I didn’t test the one purpose-built satellite image super-resolution algorithm I found because it’s designed for much-higher-resolution (thirty-centimeter) input imagery.

Removing modern features

One problem with using satellite photos as the base for historical maps involves dealing with modern features: agriculture, cities, roads, etc., that weren’t around in the same form in the time period the historical map is depicting. Machine learning presents a solution for this problem, as well; Photoshop’s content-aware fill allows you to select an area of an image for Photoshop to plausibly fill in with similar content. For example, here’s the Gigapixel-enlarged image with human-created features removed by content-aware fill:

Modern features no longer appear in the image.

I made these edits by hand, but at scale you could use OpenStreetMap’s land-use data to mask candidate areas for content-aware replacement:

Data from OpenStreetMap shows roads, urban areas, farmland, etc.

Conclusion

If you want to work with satellite imagery to produce a high-resolution basemap for historical or Bible maps, then using machine learning both to sharpen them and to remove modern features could be a viable, if time-consuming, process.
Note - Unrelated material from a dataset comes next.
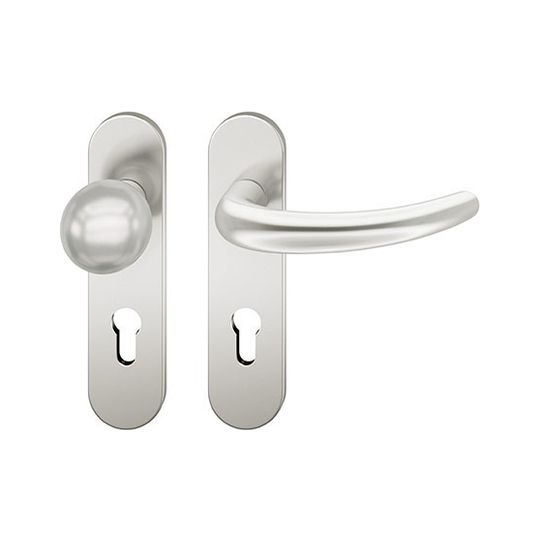 FSB Wechselgarnitur 12 1160; Material: Edelstahl; Befestigungsart: verdeckt verschraubt; Befestigungstechnik: mit Stütznocken; Vierkant: 8 mm; Befestigungssystem: Stiftverbindung; Abdeckung: Kurzschild; Lagerung: ASL®,festdrehbar; Form: oval; Benutzerklasse: Klasse 4; Einsatzbereich: Objekttür; Basis: Wechselgarnitur; Lochung: Profilzylinder gelocht; Entfernung: 72 mm; Türstärke min.: 39 mm; Türstärke max.: 58 mm; DIN-Richtung: DIN Links-Rechts; Anschlagrichtung: Drücker rechts/links verwendbar; Breite: 45 mm; Länge: 185 mm; Oberfläche: fein matt; Farbton: edelstahl; Norm: DIN EN 1906; Türart: Außentüren; Drückerbefestigung: Wechselstift mit Rolle; Knopfdurchmesser: 50 mm; Knopfhöhe: 66 mm; Türwerkstoff: Holz,Stahl; Lieferung: mit Befestigungsmaterial; Betätigungswinkel max.: 45 °; Drückerhöhe: 65,5 mm; Drückerlänge: 146 mm; Ausführung: mit Knopf 0802; Knopfform: Kugelform; Schildstärke außen: 7 mm; Schildstärke innen: 7 mm; Material Unterkonstruktion: Kunststoff-Edelstahl verstärkt; Drückerform: gebogen

The image in this post covers about 100 square kilometers; modern Israel is over 20,000 square kilometers. And this scene contains a mostly undeveloped area; large-scale cities are harder to erase with content-aware fill because there’s less surrounding wilderness for the algorithm to work with. But if you’re willing to put in the work, the result could be a free, plausibly realistic, reasonably detailed map over which you can overlay your own data.